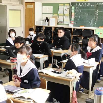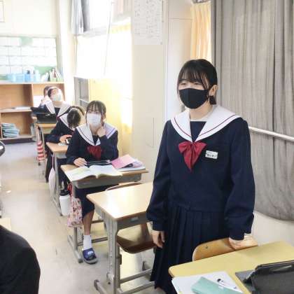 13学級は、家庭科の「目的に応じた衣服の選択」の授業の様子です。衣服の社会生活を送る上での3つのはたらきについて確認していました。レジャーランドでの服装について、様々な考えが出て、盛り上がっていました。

==

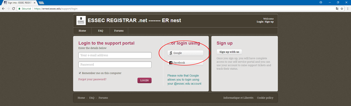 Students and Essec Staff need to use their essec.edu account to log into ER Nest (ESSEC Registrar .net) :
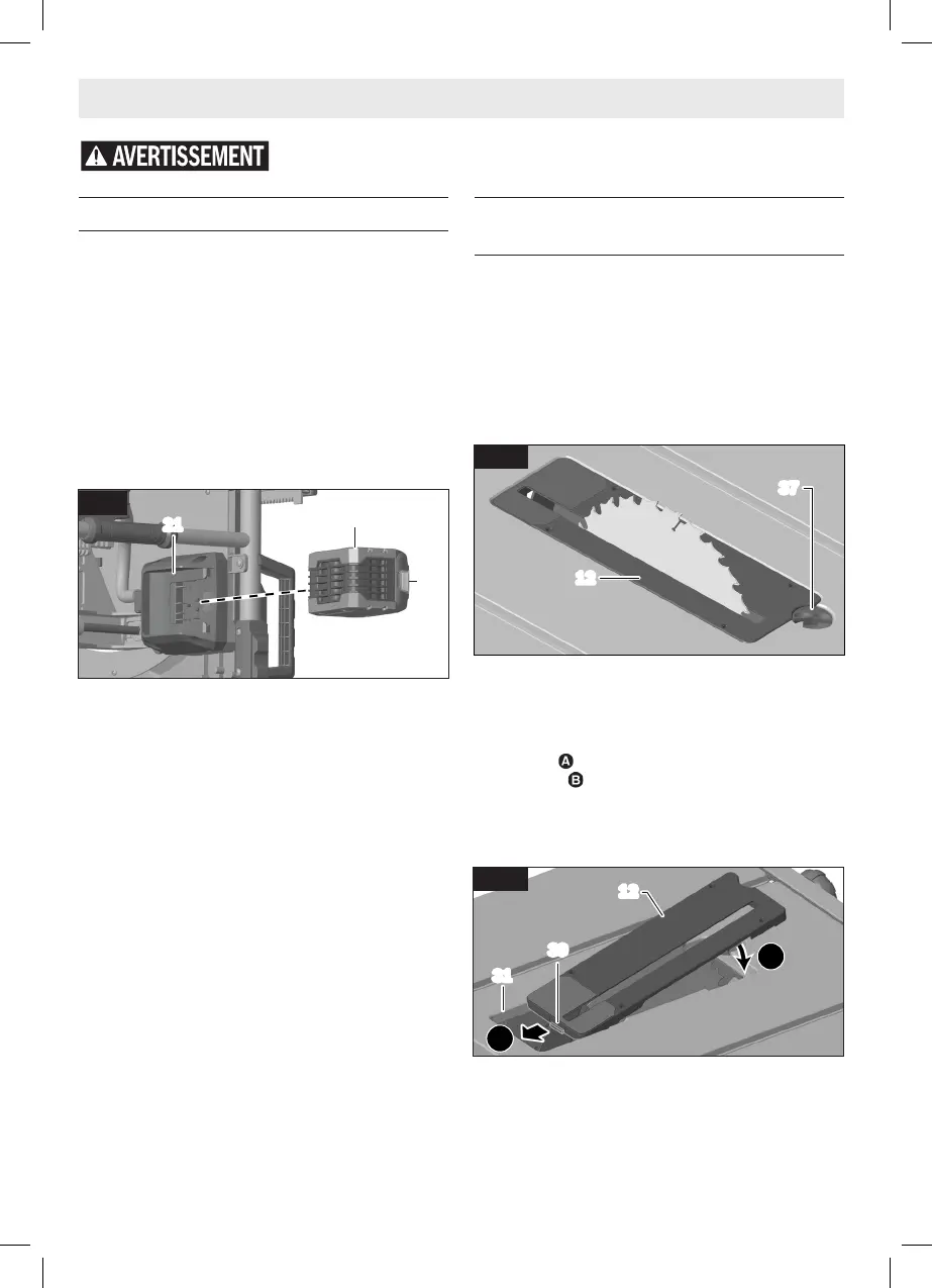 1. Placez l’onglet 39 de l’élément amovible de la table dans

---

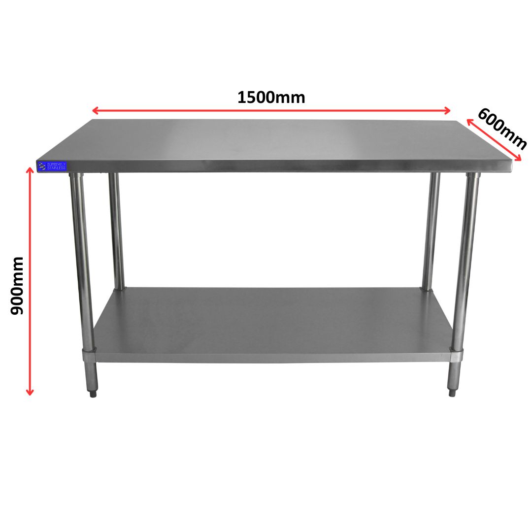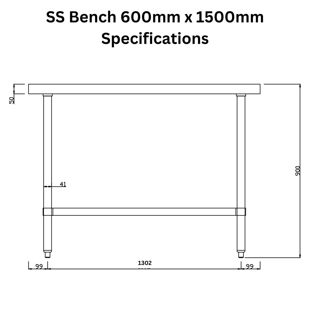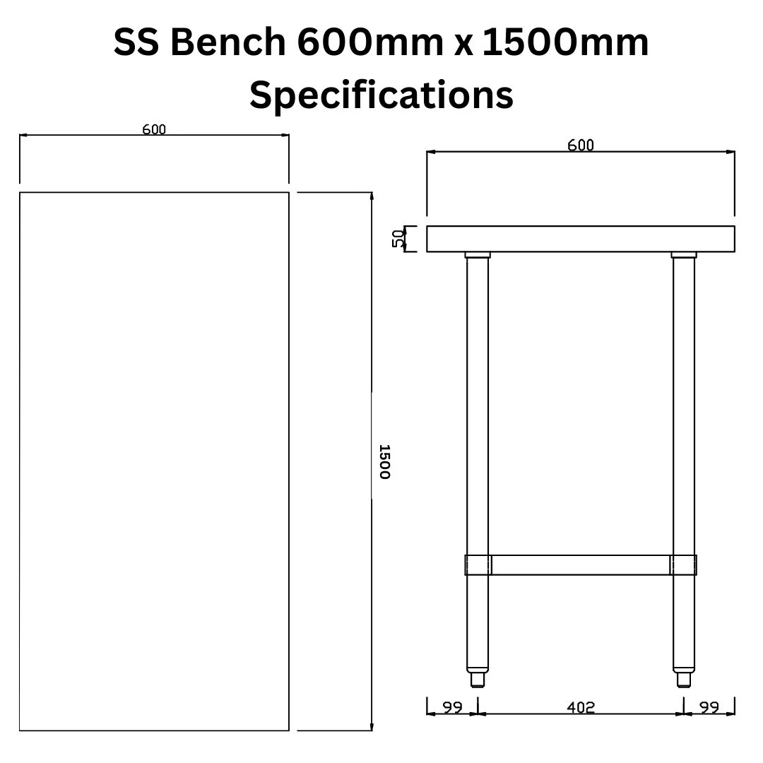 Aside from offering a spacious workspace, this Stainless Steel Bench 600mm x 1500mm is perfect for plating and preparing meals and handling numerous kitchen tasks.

Task — Would you copy, word for word, only the lines above from the one containing "Students and Essec" through the one containing "1. Placez l’onglet", both included, and please leave out the pictures?

Answer to the exercise —
 Students and Essec Staff need to use their essec.edu account to log into ER Nest (ESSEC Registrar .net) :
 1. Placez l’onglet 39 de l’élément amovible de la table dans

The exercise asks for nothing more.